Olsen looked at Chadwick, her eyes blank.
“Come on,” he told her, then he ran.
Chadwick had lost precious time, but his stride carried him well. He saw Mallory at the opposite end of the alley. She crashed into a sidewalk flower seller, knocked over a bucket of yellow roses, dashed into the street and barely missed getting run over by an SUV.
Chadwick started closing the distance. When he came out of the alley, Mallory was pounding up the steps of the BART station sandwiched between lanes of traffic on the Highway 24 overpass.
An eastbound train was pulling into the platform. Mallory could easily be on board before he got there.
Chadwick ran, kicked up a cloud of pigeons, took the stairs four at a time. He got into the terminal in time to hear the station manager yell, “Hey!” and see Mallory hurdle the turnstile.
Chadwick yelled, “She's mine!” and jumped the gate.
The BART manager yelled, “HEY!” with more outrage.
The escalators to the platform were all moving the wrong way.

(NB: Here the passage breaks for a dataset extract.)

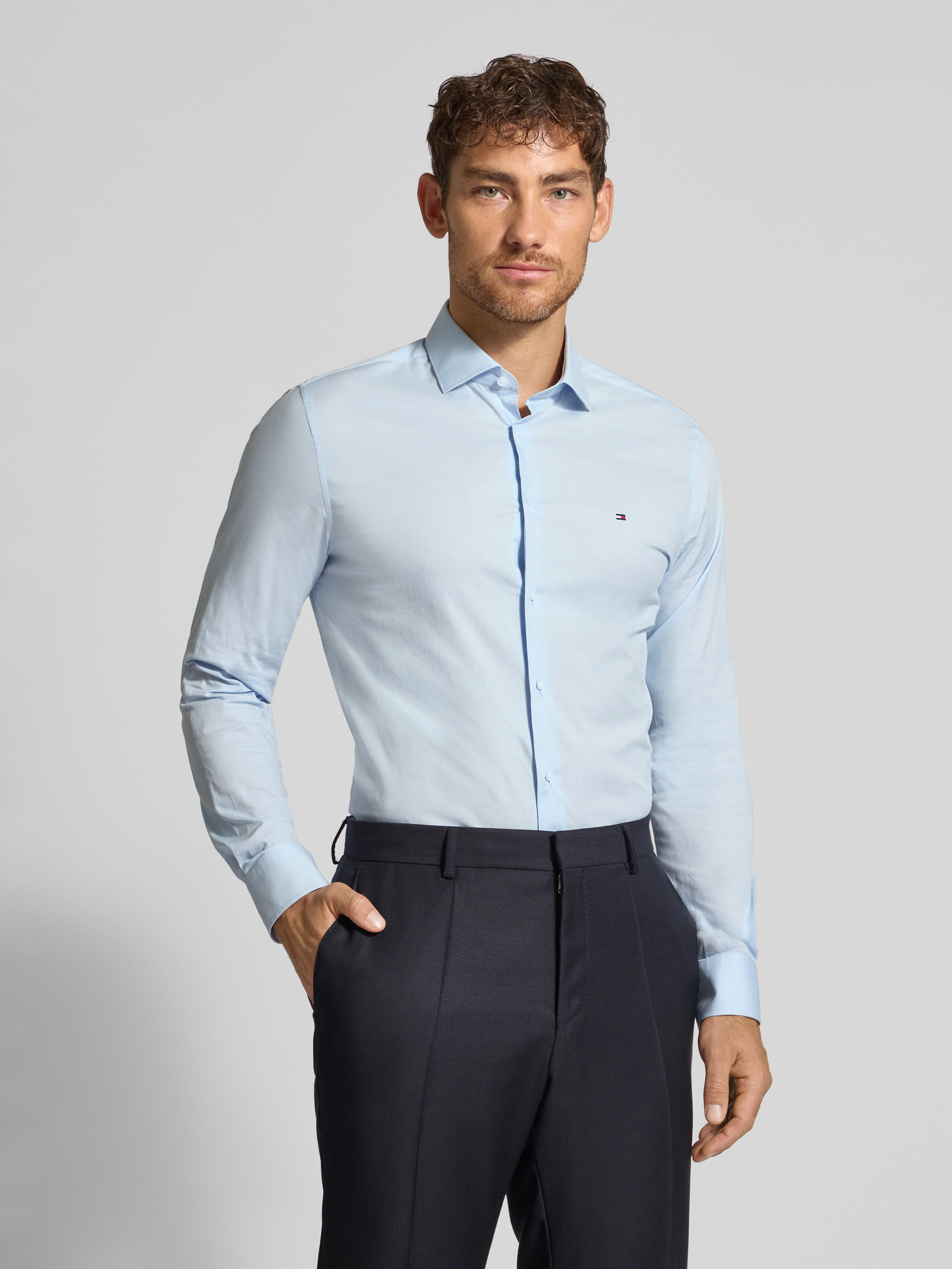 Koszula biznesowa o kroju slim fit z kołnierzykiem typu kent - błękitny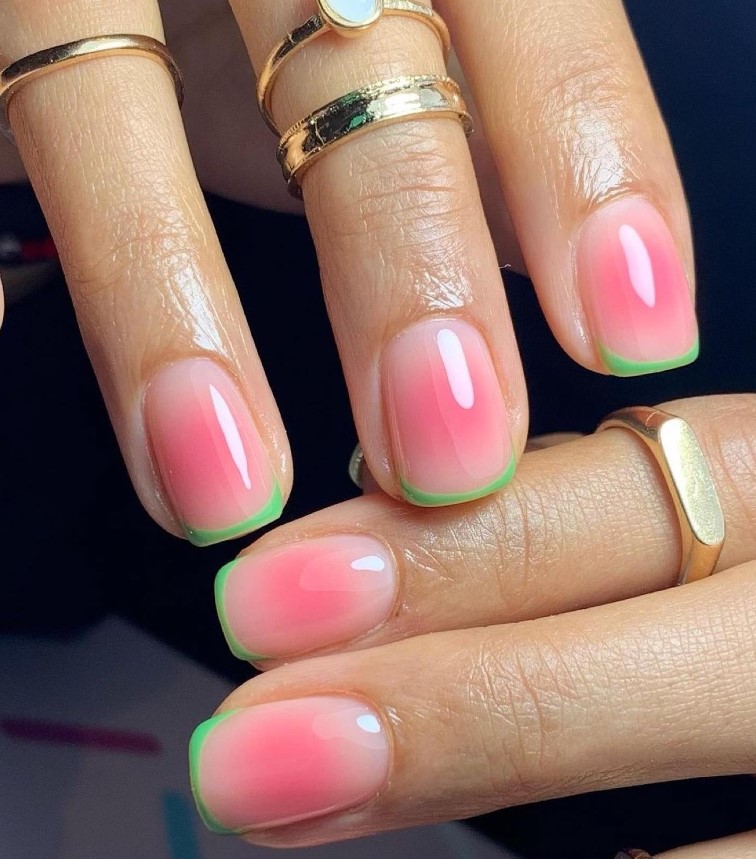 У цьому випадку все навпаки: оберіть ніжну основу, а кінчик зробіть насиченим зеленим чи м'ятним кольором, створивши таким чином покриття у відтінках кавуна. Найкраще такий манікюр виглядатиме на овальній або мигдальній формі.

This was the evening commute—everybody coming back to Rockridge, not going out. Chadwick got up top, did a quick visual sweep. The wind and the cold were intense, the view stunning—hills streaked with fog, lights of houses like fairy glow; the Oakland-Berkeley flatlands spread out to the west, trickling to a point at the red and silver lights of the Bay Bridge; the Bay itself, an expanse of liquid aluminum.
Then he spotted Mallory—thirty yards down the platform, pounding on the closed doors of the train, trying to get in. She pried at the rubber seal with her fingers. The train slid away, pulling Mallory with it for a few feet before she stumbled backwards, cursing.